▸ Raw data:
********
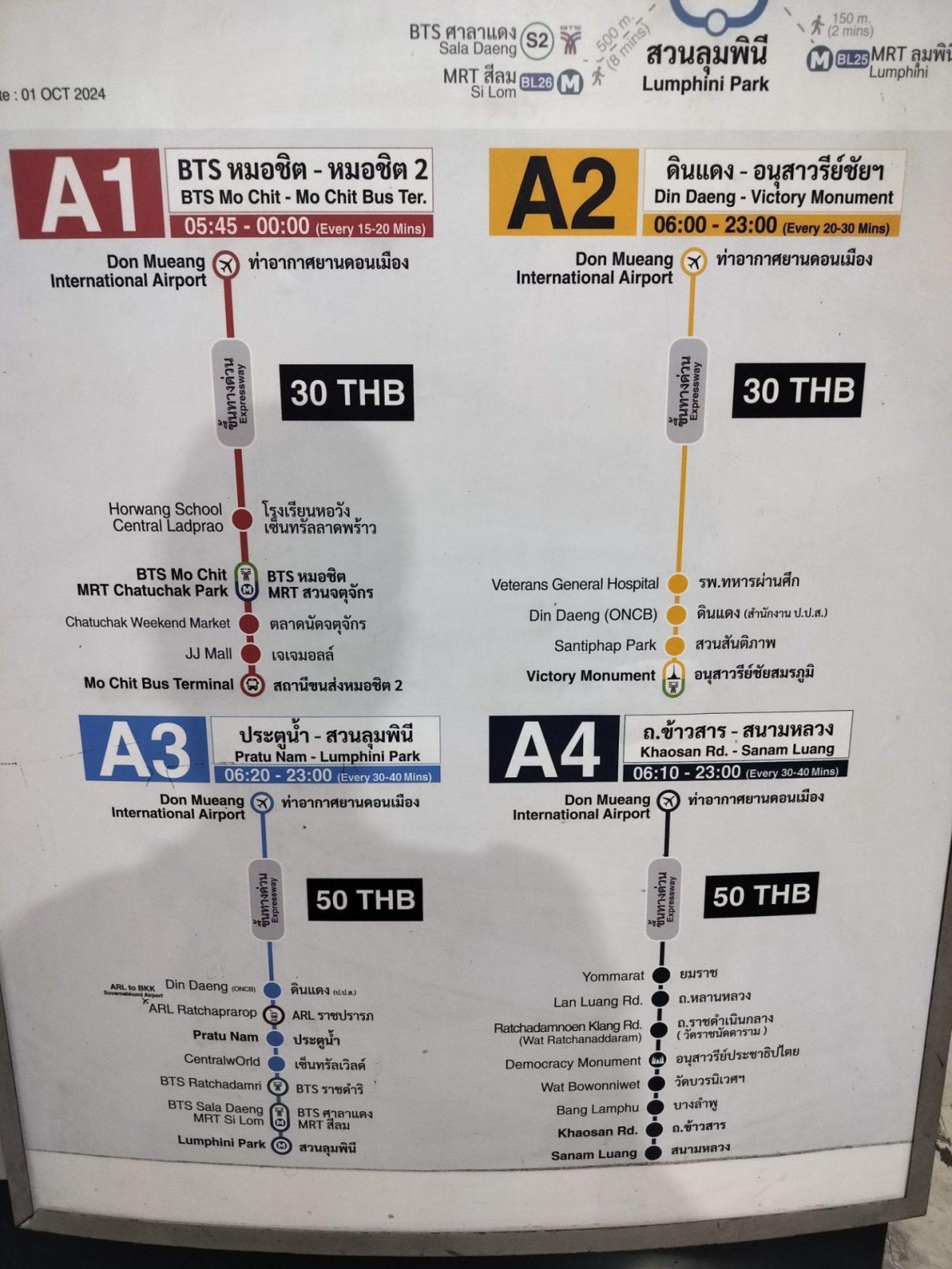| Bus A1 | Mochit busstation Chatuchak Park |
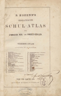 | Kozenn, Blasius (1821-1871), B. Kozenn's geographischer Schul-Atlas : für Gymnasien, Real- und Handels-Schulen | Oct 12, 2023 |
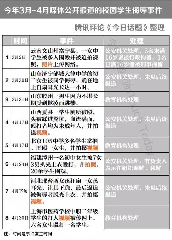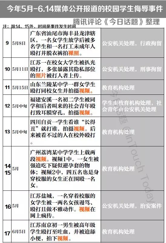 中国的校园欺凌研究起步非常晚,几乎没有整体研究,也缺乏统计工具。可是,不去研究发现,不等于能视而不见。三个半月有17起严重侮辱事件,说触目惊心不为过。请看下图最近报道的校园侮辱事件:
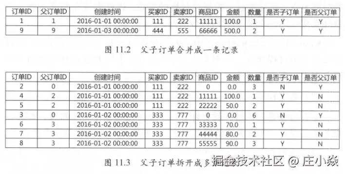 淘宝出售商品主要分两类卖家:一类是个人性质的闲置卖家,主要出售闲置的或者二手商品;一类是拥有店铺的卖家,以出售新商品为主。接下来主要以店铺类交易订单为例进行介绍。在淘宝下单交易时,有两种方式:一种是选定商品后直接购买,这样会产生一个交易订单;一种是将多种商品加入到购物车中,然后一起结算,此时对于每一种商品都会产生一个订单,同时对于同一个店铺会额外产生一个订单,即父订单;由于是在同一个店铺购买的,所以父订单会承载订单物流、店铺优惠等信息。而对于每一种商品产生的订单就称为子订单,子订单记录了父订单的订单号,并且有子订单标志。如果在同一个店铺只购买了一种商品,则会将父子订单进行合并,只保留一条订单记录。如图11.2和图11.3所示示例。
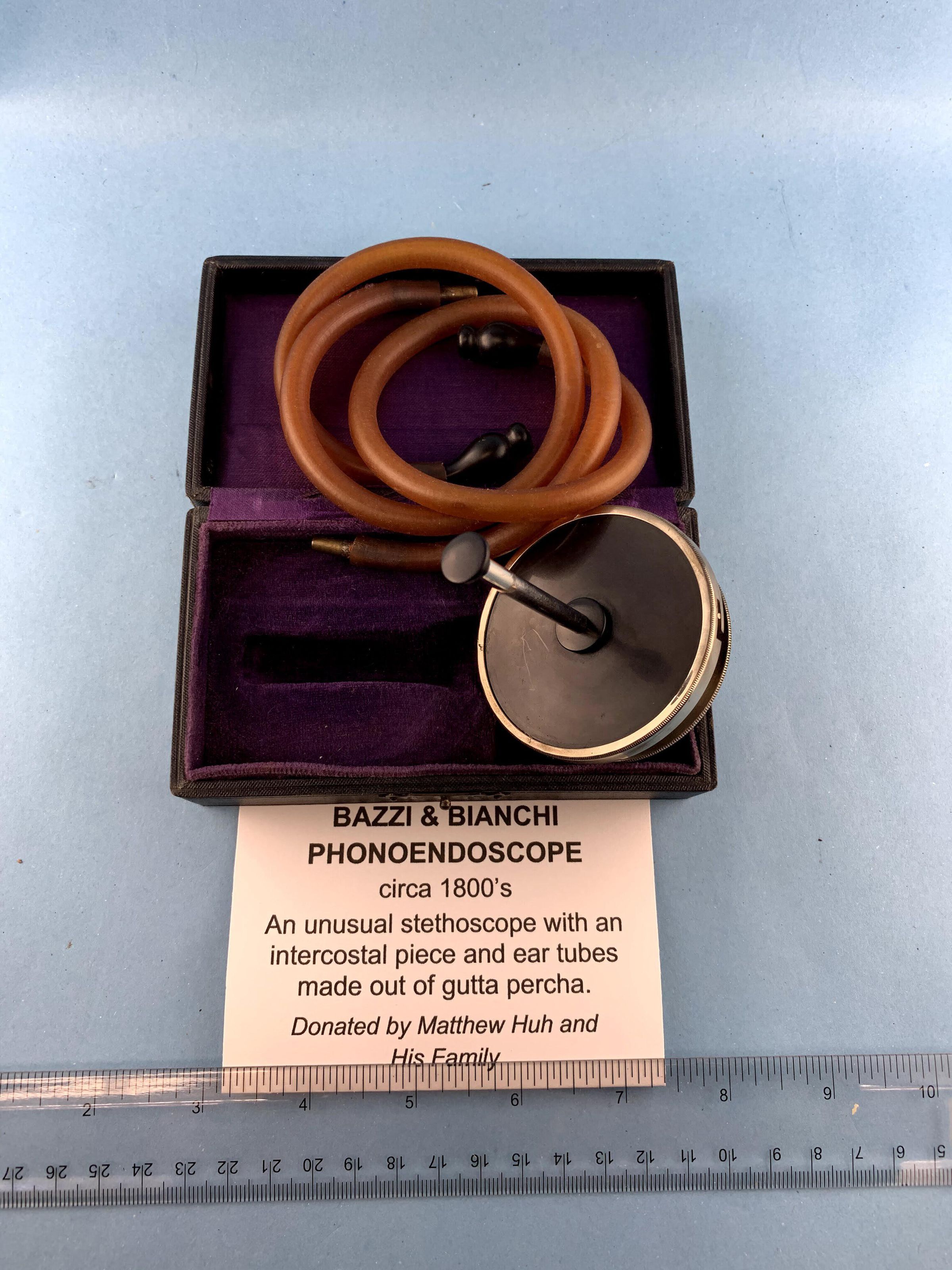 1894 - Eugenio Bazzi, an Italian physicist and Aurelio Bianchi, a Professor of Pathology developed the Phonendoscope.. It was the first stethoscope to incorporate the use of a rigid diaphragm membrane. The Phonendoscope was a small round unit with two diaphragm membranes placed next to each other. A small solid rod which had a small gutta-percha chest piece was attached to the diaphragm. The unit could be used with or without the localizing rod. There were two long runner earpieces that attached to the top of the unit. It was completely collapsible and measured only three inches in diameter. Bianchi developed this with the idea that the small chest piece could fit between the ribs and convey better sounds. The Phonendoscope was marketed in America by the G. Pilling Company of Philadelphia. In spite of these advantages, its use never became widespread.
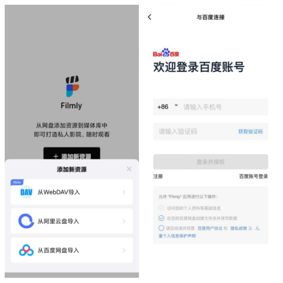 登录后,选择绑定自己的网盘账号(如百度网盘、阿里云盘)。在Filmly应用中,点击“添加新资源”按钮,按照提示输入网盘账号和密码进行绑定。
********
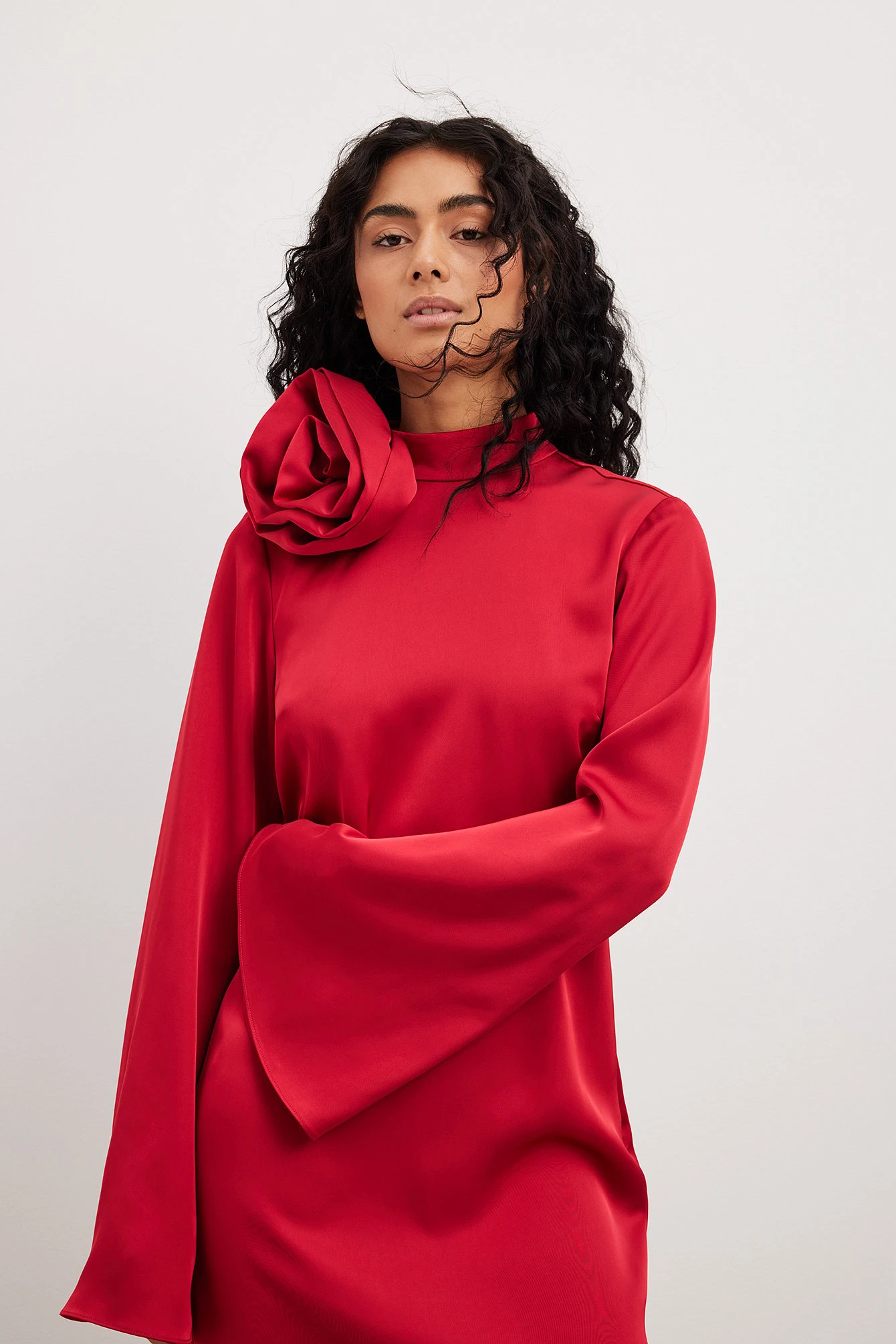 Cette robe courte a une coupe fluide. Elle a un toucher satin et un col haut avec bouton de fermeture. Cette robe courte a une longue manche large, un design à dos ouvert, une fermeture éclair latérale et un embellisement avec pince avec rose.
********
▸ About this task:
What lines above run from the one with "Chatuchak Park |" to the one with "淘宝出售商品主要分两类卖家:一类是个人性"? Give them again exactly, ends included, and leave the pictures out.

▸ Task answer:
| Bus A1 | Mochit busstation Chatuchak Park |
 | Kozenn, Blasius (1821-1871), B. Kozenn's geographischer Schul-Atlas : für Gymnasien, Real- und Handels-Schulen | Oct 12, 2023 |
 中国的校园欺凌研究起步非常晚,几乎没有整体研究,也缺乏统计工具。可是,不去研究发现,不等于能视而不见。三个半月有17起严重侮辱事件,说触目惊心不为过。请看下图最近报道的校园侮辱事件:
 淘宝出售商品主要分两类卖家:一类是个人性质的闲置卖家,主要出售闲置的或者二手商品;一类是拥有店铺的卖家,以出售新商品为主。接下来主要以店铺类交易订单为例进行介绍。在淘宝下单交易时,有两种方式:一种是选定商品后直接购买,这样会产生一个交易订单;一种是将多种商品加入到购物车中,然后一起结算,此时对于每一种商品都会产生一个订单,同时对于同一个店铺会额外产生一个订单,即父订单;由于是在同一个店铺购买的,所以父订单会承载订单物流、店铺优惠等信息。而对于每一种商品产生的订单就称为子订单,子订单记录了父订单的订单号,并且有子订单标志。如果在同一个店铺只购买了一种商品,则会将父子订单进行合并,只保留一条订单记录。如图11.2和图11.3所示示例。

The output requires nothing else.